MATERIAL PROVIDED START
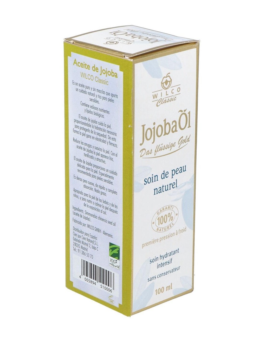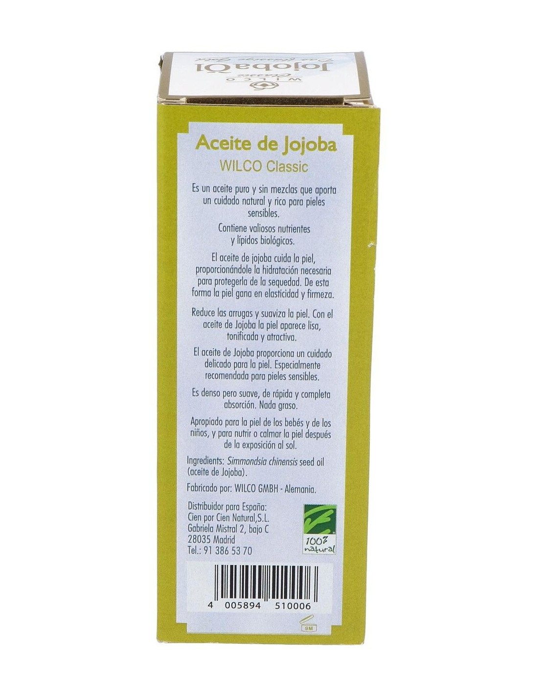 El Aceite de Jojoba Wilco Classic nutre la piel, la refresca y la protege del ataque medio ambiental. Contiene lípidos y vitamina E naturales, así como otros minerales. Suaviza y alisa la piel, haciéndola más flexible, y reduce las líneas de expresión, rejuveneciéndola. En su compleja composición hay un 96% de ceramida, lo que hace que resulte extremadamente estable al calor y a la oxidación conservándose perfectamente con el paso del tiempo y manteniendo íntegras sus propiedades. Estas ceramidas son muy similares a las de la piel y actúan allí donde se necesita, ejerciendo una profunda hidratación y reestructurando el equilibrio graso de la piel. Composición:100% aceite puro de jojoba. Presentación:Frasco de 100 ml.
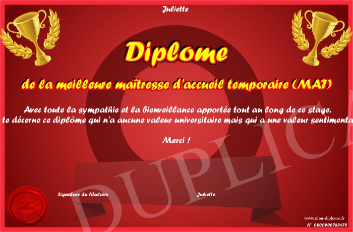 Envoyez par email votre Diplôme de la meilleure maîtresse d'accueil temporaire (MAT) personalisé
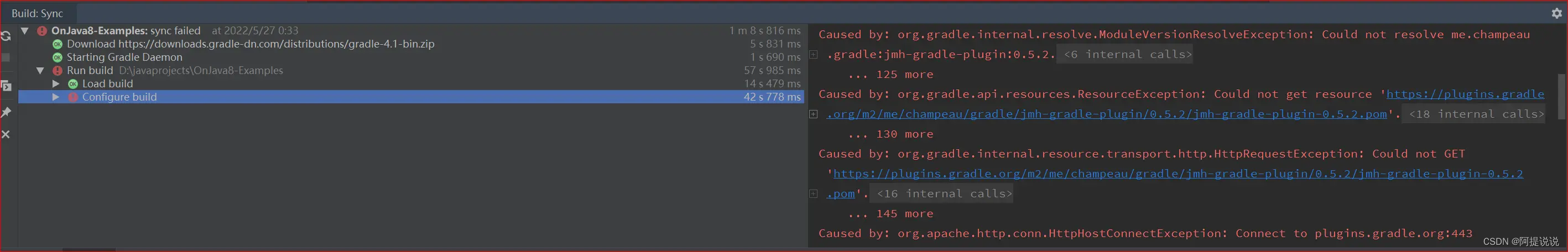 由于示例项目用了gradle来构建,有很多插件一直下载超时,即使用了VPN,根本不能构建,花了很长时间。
MATERIAL PROVIDED END
MATERIAL PROVIDED START
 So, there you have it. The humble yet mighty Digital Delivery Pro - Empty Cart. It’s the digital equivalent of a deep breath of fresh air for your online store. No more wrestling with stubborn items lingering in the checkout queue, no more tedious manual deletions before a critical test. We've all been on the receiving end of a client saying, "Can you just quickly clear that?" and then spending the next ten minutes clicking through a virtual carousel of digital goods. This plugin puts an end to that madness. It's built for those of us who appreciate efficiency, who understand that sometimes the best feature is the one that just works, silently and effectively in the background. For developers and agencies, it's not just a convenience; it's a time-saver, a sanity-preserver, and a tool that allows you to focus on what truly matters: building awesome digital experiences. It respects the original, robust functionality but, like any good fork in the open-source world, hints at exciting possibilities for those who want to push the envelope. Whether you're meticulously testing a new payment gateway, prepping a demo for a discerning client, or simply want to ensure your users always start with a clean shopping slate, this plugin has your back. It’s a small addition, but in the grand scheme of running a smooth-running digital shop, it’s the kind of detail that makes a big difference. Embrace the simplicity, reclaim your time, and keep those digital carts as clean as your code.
MATERIAL PROVIDED END
Above are records with pictures. Reproduce exactly only the lines from the line with "El Aceite de" through the line with "由于示例项目用了gradle", both ends included, and leave the pictures out.

 El Aceite de Jojoba Wilco Classic nutre la piel, la refresca y la protege del ataque medio ambiental. Contiene lípidos y vitamina E naturales, así como otros minerales. Suaviza y alisa la piel, haciéndola más flexible, y reduce las líneas de expresión, rejuveneciéndola. En su compleja composición hay un 96% de ceramida, lo que hace que resulte extremadamente estable al calor y a la oxidación conservándose perfectamente con el paso del tiempo y manteniendo íntegras sus propiedades. Estas ceramidas son muy similares a las de la piel y actúan allí donde se necesita, ejerciendo una profunda hidratación y reestructurando el equilibrio graso de la piel. Composición:100% aceite puro de jojoba. Presentación:Frasco de 100 ml.
 Envoyez par email votre Diplôme de la meilleure maîtresse d'accueil temporaire (MAT) personalisé
 由于示例项目用了gradle来构建,有很多插件一直下载超时,即使用了VPN,根本不能构建,花了很长时间。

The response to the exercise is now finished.